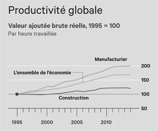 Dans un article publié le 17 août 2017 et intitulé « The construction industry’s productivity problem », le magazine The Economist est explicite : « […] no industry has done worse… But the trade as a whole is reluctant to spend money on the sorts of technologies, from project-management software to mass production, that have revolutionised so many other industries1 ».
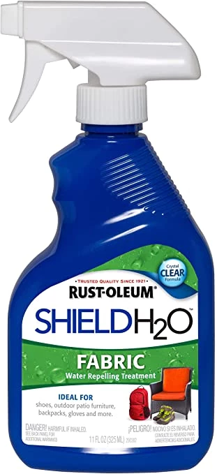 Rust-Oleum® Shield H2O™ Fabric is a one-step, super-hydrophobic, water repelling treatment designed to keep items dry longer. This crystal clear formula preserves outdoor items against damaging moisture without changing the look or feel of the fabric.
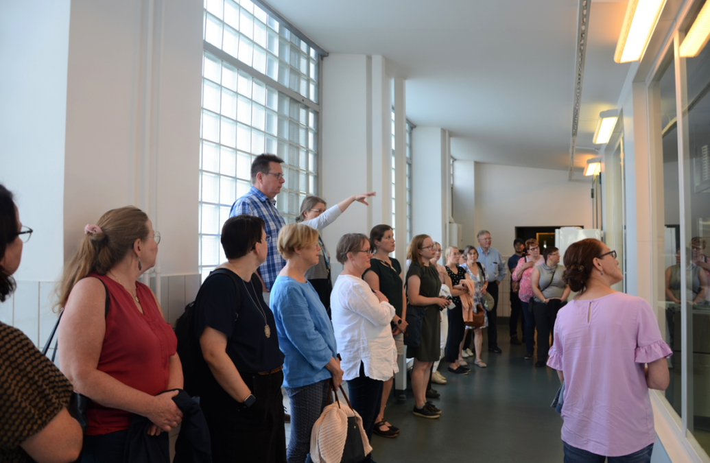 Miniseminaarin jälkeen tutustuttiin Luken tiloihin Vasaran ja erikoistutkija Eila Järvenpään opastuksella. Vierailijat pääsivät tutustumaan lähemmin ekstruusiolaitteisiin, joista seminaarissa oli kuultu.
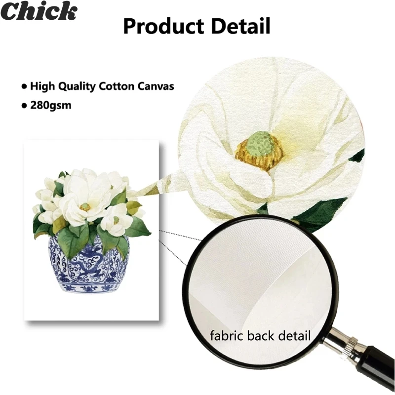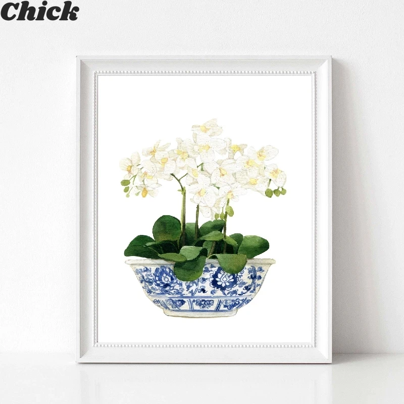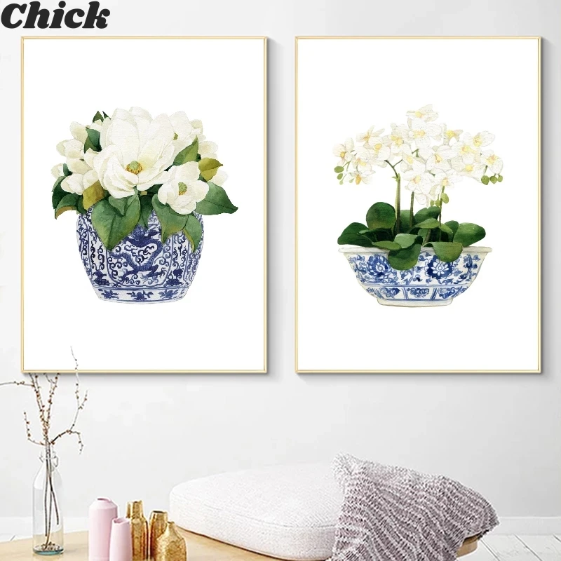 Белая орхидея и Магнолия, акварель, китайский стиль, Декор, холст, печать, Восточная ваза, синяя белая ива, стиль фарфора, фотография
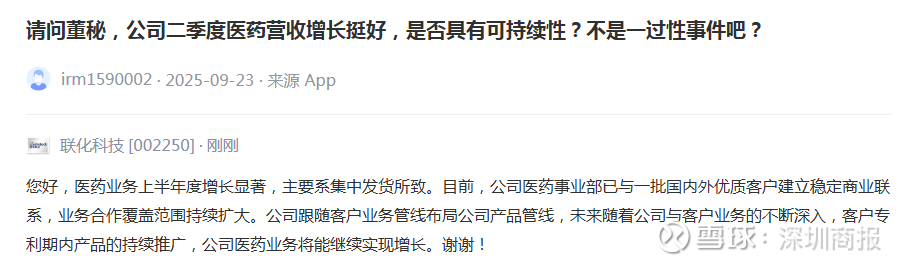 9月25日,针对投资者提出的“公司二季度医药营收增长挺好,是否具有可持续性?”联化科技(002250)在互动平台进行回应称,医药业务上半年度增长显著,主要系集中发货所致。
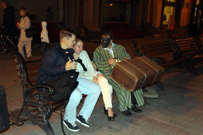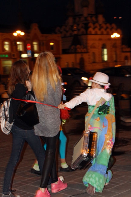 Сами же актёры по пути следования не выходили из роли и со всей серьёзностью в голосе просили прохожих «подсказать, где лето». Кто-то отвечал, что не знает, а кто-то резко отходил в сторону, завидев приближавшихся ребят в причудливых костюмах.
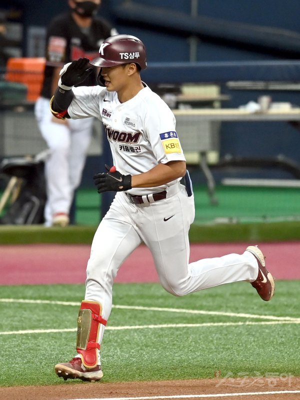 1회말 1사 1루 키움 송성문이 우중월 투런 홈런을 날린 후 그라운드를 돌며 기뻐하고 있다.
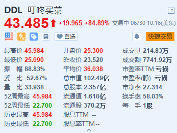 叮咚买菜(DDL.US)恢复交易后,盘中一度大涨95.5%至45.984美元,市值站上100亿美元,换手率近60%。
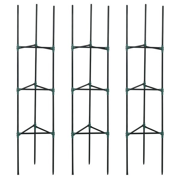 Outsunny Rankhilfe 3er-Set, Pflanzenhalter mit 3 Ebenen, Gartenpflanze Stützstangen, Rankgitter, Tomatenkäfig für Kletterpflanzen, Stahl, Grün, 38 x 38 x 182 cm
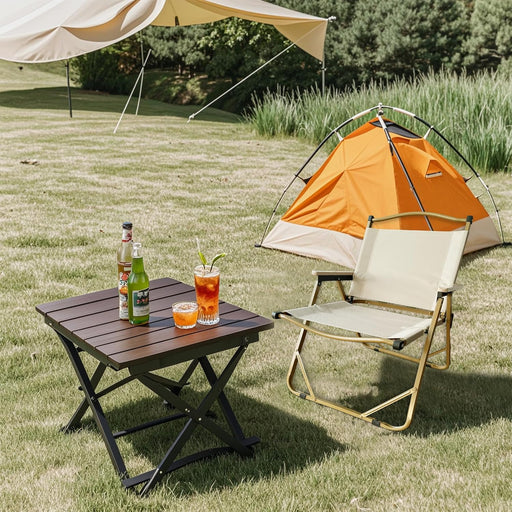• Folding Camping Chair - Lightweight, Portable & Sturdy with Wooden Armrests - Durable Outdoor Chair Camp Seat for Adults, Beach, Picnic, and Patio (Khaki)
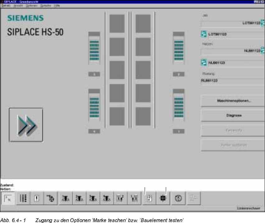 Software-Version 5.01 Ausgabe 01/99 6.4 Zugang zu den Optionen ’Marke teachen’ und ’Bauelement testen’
::::::::::
■ Task description
Each line of the data above must be reproduced as written. Skip the pictures.

■ Response
 Dans un article publié le 17 août 2017 et intitulé « The construction industry’s productivity problem », le magazine The Economist est explicite : « […] no industry has done worse… But the trade as a whole is reluctant to spend money on the sorts of technologies, from project-management software to mass production, that have revolutionised so many other industries1 ».
 Rust-Oleum® Shield H2O™ Fabric is a one-step, super-hydrophobic, water repelling treatment designed to keep items dry longer. This crystal clear formula preserves outdoor items against damaging moisture without changing the look or feel of the fabric.
 Miniseminaarin jälkeen tutustuttiin Luken tiloihin Vasaran ja erikoistutkija Eila Järvenpään opastuksella. Vierailijat pääsivät tutustumaan lähemmin ekstruusiolaitteisiin, joista seminaarissa oli kuultu.
 Белая орхидея и Магнолия, акварель, китайский стиль, Декор, холст, печать, Восточная ваза, синяя белая ива, стиль фарфора, фотография
 9月25日,针对投资者提出的“公司二季度医药营收增长挺好,是否具有可持续性?”联化科技(002250)在互动平台进行回应称,医药业务上半年度增长显著,主要系集中发货所致。
 Сами же актёры по пути следования не выходили из роли и со всей серьёзностью в голосе просили прохожих «подсказать, где лето». Кто-то отвечал, что не знает, а кто-то резко отходил в сторону, завидев приближавшихся ребят в причудливых костюмах.
 1회말 1사 1루 키움 송성문이 우중월 투런 홈런을 날린 후 그라운드를 돌며 기뻐하고 있다.
 叮咚买菜(DDL.US)恢复交易后,盘中一度大涨95.5%至45.984美元,市值站上100亿美元,换手率近60%。
 Outsunny Rankhilfe 3er-Set, Pflanzenhalter mit 3 Ebenen, Gartenpflanze Stützstangen, Rankgitter, Tomatenkäfig für Kletterpflanzen, Stahl, Grün, 38 x 38 x 182 cm
• Folding Camping Chair - Lightweight, Portable & Sturdy with Wooden Armrests - Durable Outdoor Chair Camp Seat for Adults, Beach, Picnic, and Patio (Khaki)
 Software-Version 5.01 Ausgabe 01/99 6.4 Zugang zu den Optionen ’Marke teachen’ und ’Bauelement testen’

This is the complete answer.